Ein weit verbreiteter Irrtum ist aber, dass Kakao auch von den Azteken oder den Maya kultiviert wurde. Denn schon rund 1.000 Jahre vor diesen Hochkulturen bauten die Olmeken Kakao im heutigen Mexiko an.

Trotzdem – und das nur am Rande erwähnt – verdanken wir den Maya und Azteken die Verfeinerung des Kakao und die Verbreitung von „xocolate“ in aller Welt – schließlich brachte der spanische Eroberer Hernan Cortez im 16. Jahrhundert unter anderem eine Kakaopflanze mit nach Hause.

Mittlerweile kommt ein Großteil des weltweit konsumierten Kakaos nicht mehr aus Mittel- und Südamerika, sondern aus Afrika. Und auch in einigen Regionen Europas und Asiens mit feuchtwarmem („tropischem“) Klima wird heute Kakao angebaut.

Kakao macht dich locker

Mit rund 400mg Magnesium pro 100g liefert Kakao eine Riesen-Ration des Relax-Minerals, das dabei helfen kann, Verkrampfungen und Verspannungen zu lösen.
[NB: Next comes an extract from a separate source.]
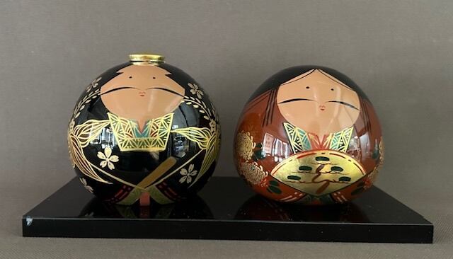 漆塗り純金箔・金粉で仕上げた丸型を基本にした男女1対のお人形で桐箱入です。
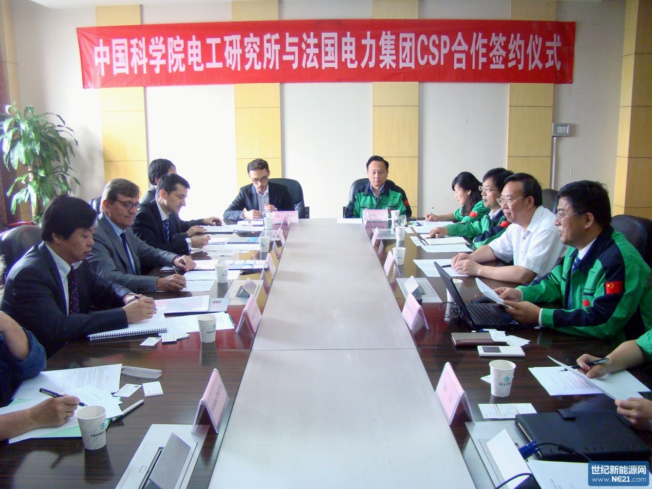 2014年6月10日,中國科學院電工研究所(IEE)與法國電力集團(EDF)在太陽能熱發(fā)電項目(CSP)合作簽約儀式在電工研究所703會議室拉開帷幕。出席簽約儀式的法方嘉賓有:法國電力集團國際合作總裁Michel MASCHI博士,法國電力大中華區(qū)執(zhí)行總裁、亞太區(qū)CFO Erwann DEBOS博士,法國電力集團中國研發(fā)中心總經(jīng)理Guofei CHEN博士,法國電力集團研發(fā)院中國事務總監(jiān)Alan YUAN博士,法國電力集團研發(fā)院國際關(guān)系合作總監(jiān)Christine PATTE等。出席簽約儀式的中方嘉賓有:中國科學院電工研究所所長肖立業(yè)博士,院太陽能熱利用及光伏系統(tǒng)重點實驗室主任王志峰博士,北京市太陽能熱發(fā)電國際合作中心主任杜鳳麗女士,中國科學院電工研究所徐二樹博士、李鑫博士,國家太陽能光熱產(chǎn)業(yè)技術(shù)創(chuàng)新戰(zhàn)略聯(lián)盟秘書長劉曉冰等。IEE與EDF從2011年9月19日簽署了雙方合作的 Memorandum of Understanding起開始太陽能熱發(fā)電技術(shù)方面的合作,主要依托于IEE八達嶺太陽能熱發(fā)電站,第一階段的合作(2011-2014 )取得了豐碩的成果。雙方在此基礎上,決定進一步深化合作以促進太陽能熱發(fā)電技術(shù)的應用技術(shù)研究以及商業(yè)化推廣。

Kakao ist eine echte Herzensangelegenheit

Und das ist wissenschaftliche belegt. Der langfristige, regelmäßige Verzehr von Kakao senkt das Risiko von Herzinfarkten. Diese Wirkung konnte in der entsprechenden Studie bereits bei einem täglichen Verzehr von 2,5g Kakaopulver beobachtet werden.

Und nochmal: Kakao macht schlau

Dank der enthaltenen Flavonoide fördert Kakao die Durchblutung und damit die Leistungsfähigkeit des Gehirns – und trägt so zur allgemeinen Gedächtnisleistung bei.

Erst im November 2020 veröffentlichten Forscher außerdem Studienergebnisse, die nach dem Genuss von Kakao eine Verdreifachung der Sauerstoffsättigung im Gehirn zeigen. Das führt unter anderem dazu, dass „kakaohaltige Studienteilnehmer“ komplizierte Denkaufgaben deutlich schneller erledigen konnten als die Vergleichsgruppe.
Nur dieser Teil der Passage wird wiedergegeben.